(Items from a dataset)
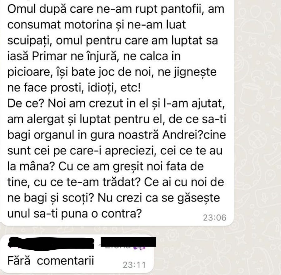 „De ce? Noi am crezut in el și l-am ajutat, am alergat și luptat pentru el, de ce sa-ti bagi organul in gura noastră Andrei?cine sunt cei pe care-i apreciezi, cei ce te au la mâna? Cu ce am greșit noi fata de tine, cu ce te-am trădat? Ce ai cu noi de ne bagi și scoți? Nu crezi ca se găsește unul sa-ti puna o contra?”
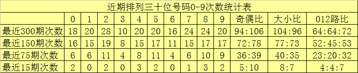 个位分析:最近300期奖号由冷到热表现为:921,0525,627,830,131,434,2735,337次,该位号码奇偶比为149:151,大小比为138:162012路比为110:100:90
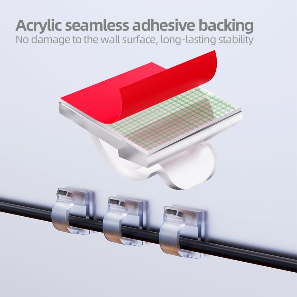 - Strong Adhesive: Made of PA66 material and upgraded adhesive, these cable clips can firmly hold cables, wires, and cords in place, remove without any residues and damage. Works on all clean surfaces like desks, walls, cabinets, wood, ceramics, metal, et
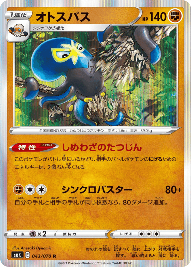 Chokehold Masterこのポケモンがバトル場にいるかぎり、相手のバトルポケモンのにげるためのエネルギーは、2個ぶん多くなる。
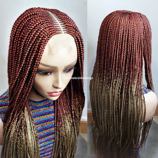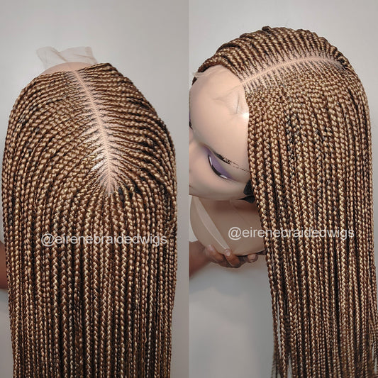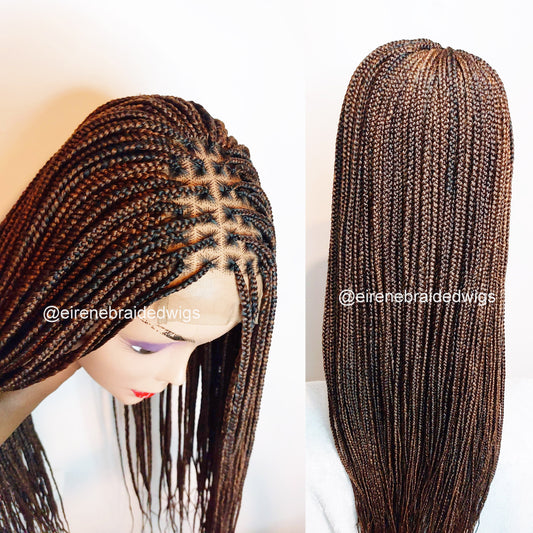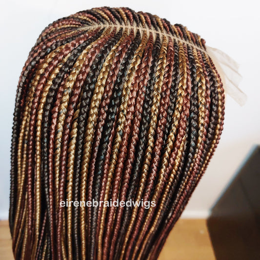 Knotless box braided wig, Gold african single braids, 26inches full lace human hair wig
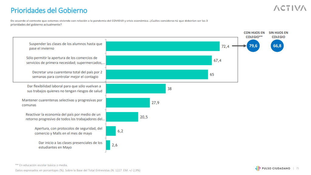 En cuanto a las tres prioridades que debería tener el Gobierno en relación a enfrentar la pandemia del COVID-19, un 72,4% dice que hay que suspender las clases de los alumnos hasta que pase el invierno, cifra que aumenta a 79,6% cuando se le pregunta a padres que tienen hijos en el colegio y un 66,8% cuando no tienen hijos.
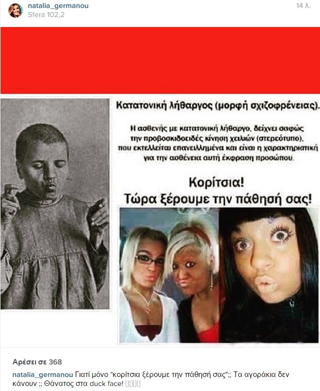 Σε όσους και όσες κάνουν duck face (την χαρακτηριστική πόζα με τα φουσκωμένα χείλη) τα έχωσε μέσω instagram η Ναταλία Γερμανού.
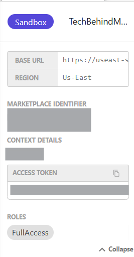 The marketplace information is then displayed. The Base URL will allow us to integrate our e-commerce solution with our Front-End application to serve the information.
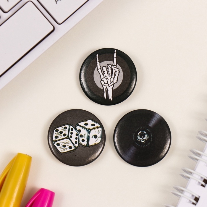 Значки закатные набор 3 шт d=25 мм "Скелет" 7х7 см
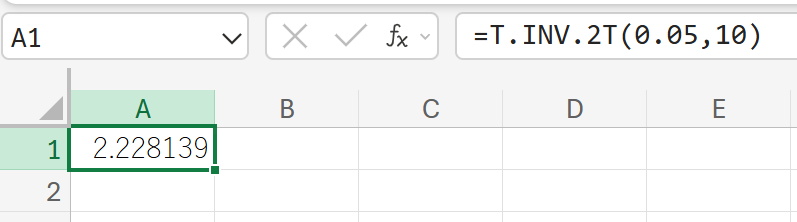 T.INV.2T 関数は、スチューデントの t 分布の両側確率の逆関数値を返します。
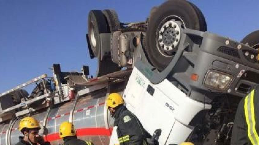 انقلاب ناقلة للبنزين ووفاة سائقها في #تبوك
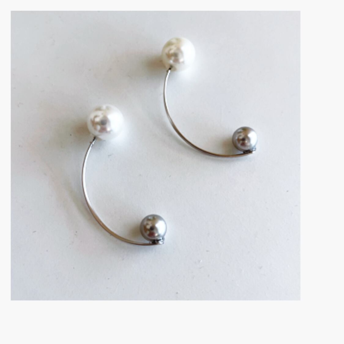 スワロフスキーのシルバーパールとパールのキャッチのシンプルデザイン2wayタイプのピアスです。
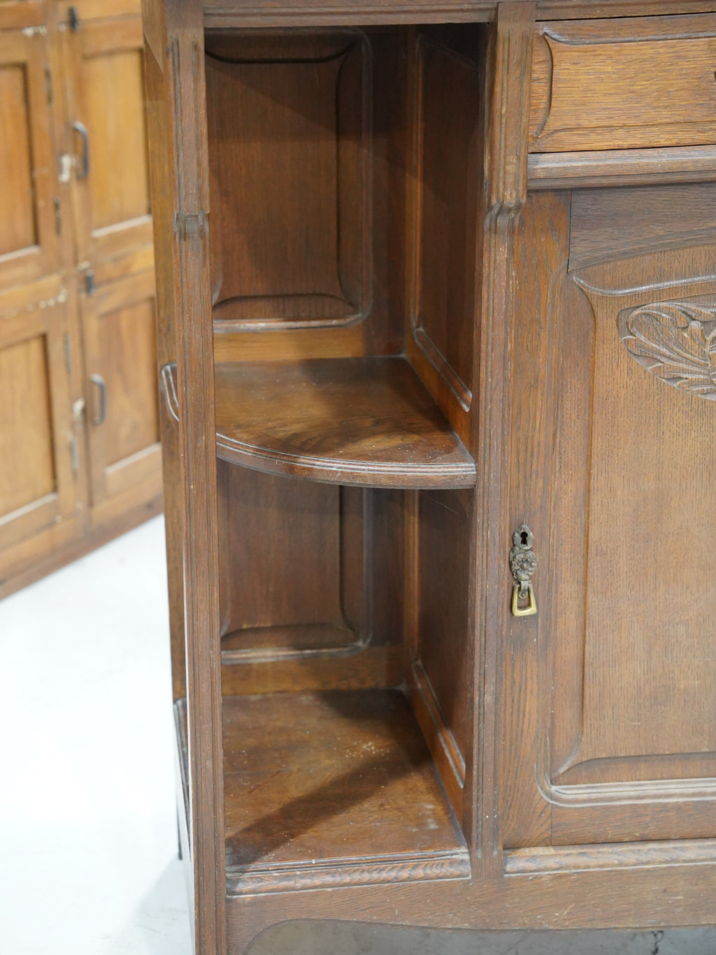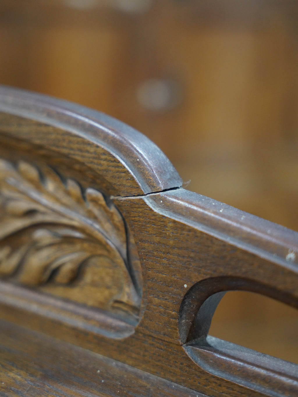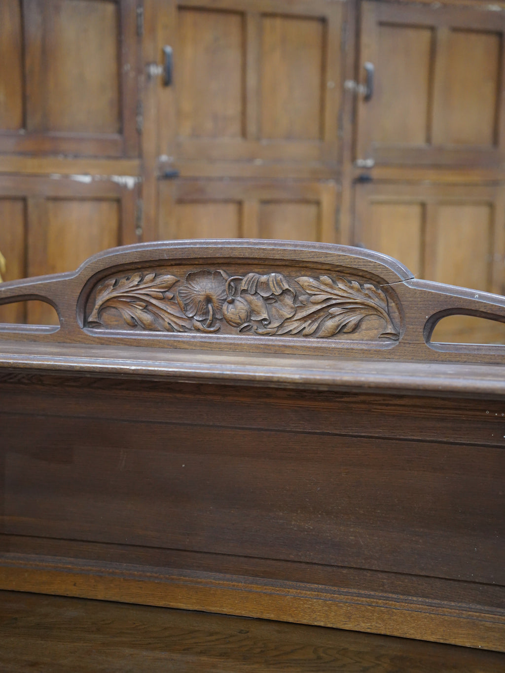 上部の緩やかなカーブを描く装飾には、植物をモチーフにした繊細な手彫りの彫刻が施されており、この家具が作られた当時の職人のこだわりと技術を感じさせます。

AIM OF THE EXERCISE: Output only the lines above from the one containing "- Strong Adhesive: Made" to the one containing "Knotless box braided", both included, exactly as written and with no pictures.

TASK RESULT:
 - Strong Adhesive: Made of PA66 material and upgraded adhesive, these cable clips can firmly hold cables, wires, and cords in place, remove without any residues and damage. Works on all clean surfaces like desks, walls, cabinets, wood, ceramics, metal, et
 Chokehold Masterこのポケモンがバトル場にいるかぎり、相手のバトルポケモンのにげるためのエネルギーは、2個ぶん多くなる。
 Knotless box braided wig, Gold african single braids, 26inches full lace human hair wig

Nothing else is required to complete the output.